The meaning of this rule language is clear. Under the conditions specified, rates of pay may be reduced or changed only by agreement between the Carrier management and the Organization's General Chairman. That this Board may not properly require the parties to agree on a bargainable issue, and that we are without authority to increase, decrease, or fix rates of pay in the absence of contractual provisions setting out standards or criteria for so doing is well established. (Cf. Awards 3224, 2734, 3224, 7093, 9508, 10814; Awards 3994, 4187, 4686, 5094, 10620). The sound principle enunciated by these precedential authorities is that the Board has no power or authority under the Railway Labor Act to negotiate rules or agreements; that unless the parties themselves have agreed upon a viable rule or agreement, the Board may not properly write one for them.


Here the controlling rule is specific and unambiguous. It calls for negotiation and agreement.
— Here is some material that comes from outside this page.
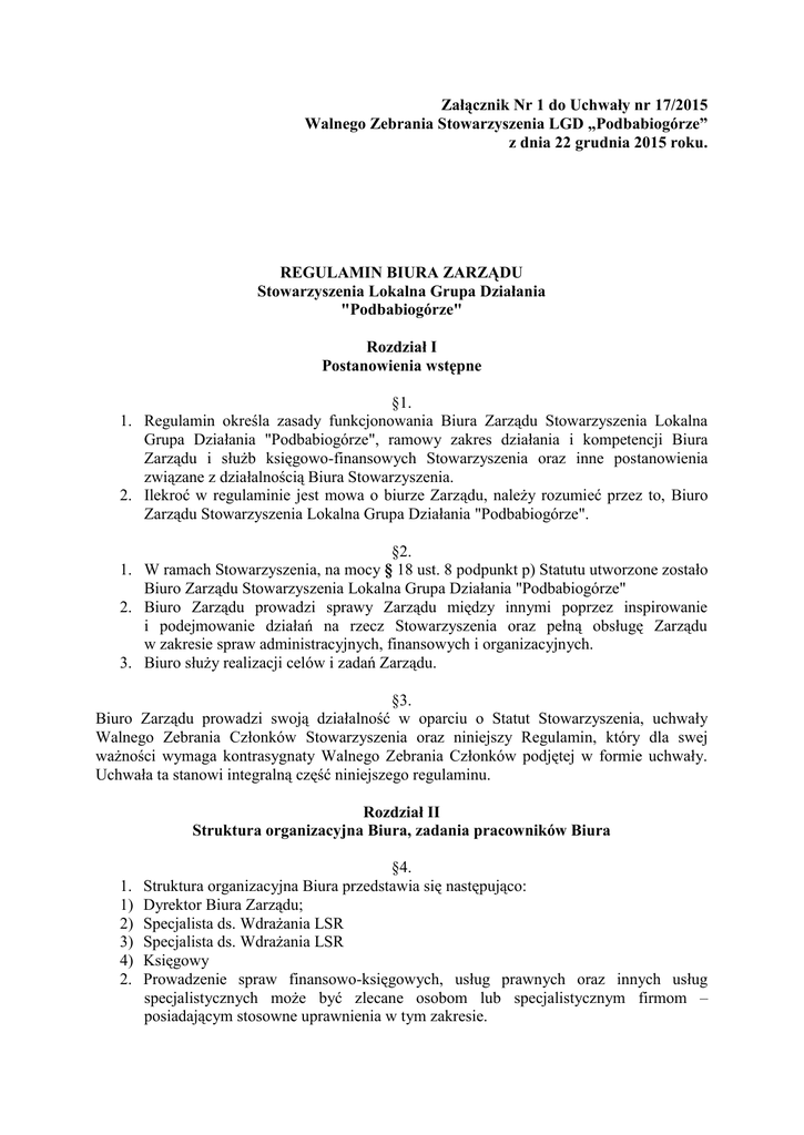 Załącznik Nr 1 do Uchwały nr 17/2015 Walnego Zebrania Stowarzyszenia LGD „Podbabiogórze” z dnia 22 grudnia 2015 roku. REGULAMIN BIURA ZARZĄDU Stowarzyszenia Lokalna Grupa Działania "Podbabiogórze" Rozdział I Postanowienia wstępne §1. 1. Regulamin określa zasady funkcjonowania Biura Zarządu Stowarzyszenia Lokalna Grupa Działania "Podbabiogórze", ramowy zakres działania i kompetencji Biura Zarządu i służb księgowo-finansowych Stowarzyszenia oraz inne postanowienia związane z działalnością Biura Stowarzyszenia. 2. Ilekroć w regulaminie jest mowa o biurze Zarządu, należy rozumieć przez to, Biuro Zarządu Stowarzyszenia Lokalna Grupa Działania "Podbabiogórze". §2. 1. W ramach Stowarzyszenia, na mocy § 18 ust. 8 podpunkt p) Statutu utworzone zostało Biuro Zarządu Stowarzyszenia Lokalna Grupa Działania "Podbabiogórze" 2. Biuro Zarządu prowadzi sprawy Zarządu między innymi poprzez inspirowanie i podejmowanie działań na rzecz Stowarzyszenia oraz pełną obsługę Zarządu w zakresie spraw administracyjnych, finansowych i organizacyjnych. 3. Biuro służy realizacji celów i zadań Zarządu. §3. Biuro Zarządu prowadzi swoją działalność w oparciu o Statut Stowarzyszenia, uchwały Walnego Zebrania Członków Stowarzyszenia oraz niniejszy Regulamin, który dla swej ważności wymaga kontrasygnaty Walnego Zebrania Członków podjętej w formie uchwały. Uchwała ta stanowi integralną część niniejszego regulaminu. Rozdział II Struktura organizacyjna Biura, zadania pracowników Biura 1. 1) 2) 3) 4) 2. §4. Struktura organizacyjna Biura przedstawia się następująco: Dyrektor Biura Zarządu; Specjalista ds. Wdrażania LSR Specjalista ds. Wdrażania LSR Księgowy Prowadzenie spraw finansowo-księgowych, usług prawnych oraz innych usług specjalistycznych może być zlecane osobom lub specjalistycznym firmom – posiadającym stosowne uprawnienia w tym zakresie. 1. Biurem Zarządu kieruje Dyrektor Biura Zarządu zatrudniony przez Zarząd Stowarzyszenia Lokalna Grupa Działania "Podbabiogórze", który może z upoważnienia Zarządu reprezentować Stowarzyszenie na zewnątrz w granicach umocowania. 2. Na wniosek Dyrektora Biura Zarządu, Zarząd zatrudnia pozostałych pracowników, określa ich kompetencje, obowiązki, odpowiedzialność oraz czas pracy i wynagrodzenie. 3. Zarząd udziela pełnomocnictwa Dyrektorowi Biura Zarządu do prowadzenia spraw bieżących Stowarzyszenia. §5. Dyrektor Biura Zarządu sprawuje pieczę nad majątkiem i sprawami Stowarzyszenia w ramach jego umocowania oraz spełnia swoje obowiązki ze starannością wymaganą w obrocie gospodarczo-finansowym przy ścisłym przestrzeganiu przepisów prawa oraz postanowień statutu, uchwał Walnego Zebrania Członków Stowarzyszenia i uchwał Zarządu. §6. Do obowiązków Dyrektora Biura Zarządu należy wykonywanie zaleceń pokontrolnych organu przeprowadzającego kontrole oraz udzielanie kontrolującemu i władzom Stowarzyszenia wyczerpujących wyjaśnień wraz z przedstawieniem wszelkich dokumentów i innych materiałów dotyczących przedmiotu kontroli. §7. Dyrektor Biura Zarządu jest odpowiedzialny za prawidłowe zarządzanie sprawami Stowarzyszenia - w ramach posiadanych uprawnień i nie zastrzeżonych do kompetencji innych organów Stowarzyszenia - oraz Biurem Zarządu i należytą realizacją następujących zadań: 1) wykonywanie uchwał Walnego Zebrania Członków, Zarządu Stowarzyszenia oraz Rady, 2) realizacja zadań określonych przez Zarząd, 3) prowadzenie bieżących spraw Stowarzyszenia, 4) gromadzenie i udostępnianie informacji z zakresu działalności Stowarzyszenia, 5) prowadzenie działalności wydawniczej, 6) wydawanie wewnętrznych materiałów informacyjnych i problemowych, 7) ogólne poradnictwo prawne, finansowe, organizacyjne i inne w oparciu o własny bank danych oraz zamawiane ekspertyzy i opinie specjalistyczne, 8) przygotowywanie materiałów na Walne Zebranie Członków, zebrania Zarządu Stowarzyszenia oraz Rady, 9) opracowywanie projektów zmian w statucie i regulaminach organizacyjnych, 10) obsługa Walnego Zebrania Członków, 11) sporządzanie protokołów z Walnego Zebrania Członków oraz zebrań Rady 12) prowadzenie dokumentacji Walnego Zebrania Członków, Zarządu oraz Rady, 13) sporządzanie odpisów uchwał Walnego Zebrania Członków i wydawanie ich uprawnionym organom, 14) prowadzenie dokumentacji członkowskiej, 15) obsługa Zarządu oraz Rady, 16) sporządzanie syntetycznych protokołów z zebrań Zarządu, 17) prowadzenie rejestru uchwał Walnego Zebrania Członków, Zarządu oraz Rady, 18) opracowywanie planów pracy, budżetu oraz sprawozdań merytorycznych i finansowych, 19) prowadzenie korespondencji, 20) udział w różnego rodzaju naradach, sympozjach, szkoleniach, uroczystościach związanych z działalnością Stowarzyszenia, 21) utrzymywanie stałego kontaktu z członkami wspierającymi i honorowymi Stowarzyszenia, 22) prowadzenie spraw kadrowych i dokumentacji Stowarzyszenia, 23) sprawowanie pieczy nad sprzętem biurowym oraz zlecanie przeprowadzenia jego konserwacji lub naprawy. §8. Dyrektor Biura Zarządu przy wykonywaniu swoich zadań działa w oparciu o udzielone pełnomocnictwo ogólne obejmujące umocowanie do zwykłego zarządu sprawami Biura w imieniu Stowarzyszenia. §9. Dyrektor Biura Zarządu jest upoważniony do: 1) reprezentowania Stowarzyszenia w granicach umocowania, 2) prowadzenia zwykłego zarządu sprawami Stowarzyszenia, 3) podpisywania bieżącej korespondencji, 4) dokonywania samodzielnych zakupów bieżących jednorazowo do wysokości 6000,00 EURO, po akceptacji Zarządu, 5) zawierania umów - zleceń i o dzieło, po akceptacji Zarządu, 6) kierowania pracą i nadzoru nad pracownikami Biura i zleceniobiorcami, 7) składania oświadczeń woli w sprawach majątkowych, jak: podpisywanie dokumentów o charakterze finansowo - rozliczeniowym (łącznie z księgowym Biura), 8) współdziałania z przedst
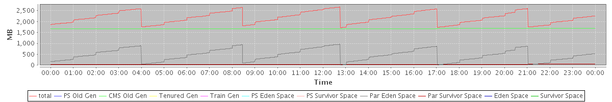 avg(total) = 2172.52 avg(PS Old Gen) = 0.00 avg(CMS Old Gen) = 1676.52 avg(Tenured Gen) = 0.00 avg(Train Gen) = 0.00 avg(PS Eden Space) = 0.00 avg(PS Survivor Space) = 0.00 avg(Par Eden Space) = 459.35 avg(Par Survivor Space) = 36.65 avg(Eden Space) = 0.00 avg(Survivor Space) = 0.00

It does not require the Carrier to grant the increase sought: it merely provides that a change in the rate of pay of the position will be negotiated and agreed upon by the specified parties upon a showing of increased duties and responsibilities attaching thereto.


Accordingly, the Board finds no rule support for this claim. It will, therefore, be denied.


FINDINGS: The Third Division of the Adjustment Board, after giving the parties to this dispute due notice of hearing thereon, and upon the whole record and all the evidence, finds and holds:


That the Carrier and the Employes involved in this dispute are respectively Carrier and Employes within the meaning of the Railway Labor Act, as approved June 21, 1934;


That this Division of the Adjustment Board has jurisdiction over the dispute involved herein; and


    That the Agreement was not violated.


    AWARD Claim denied.

              NATIONAL RAILROAD ADJUSTMENT BOARD

              By Order of THIRD DIVISION


              ATTEST: S. H. Schulty

              Executive Secretary


Dated at Chicago, Illinois, this 14th day of July 1964.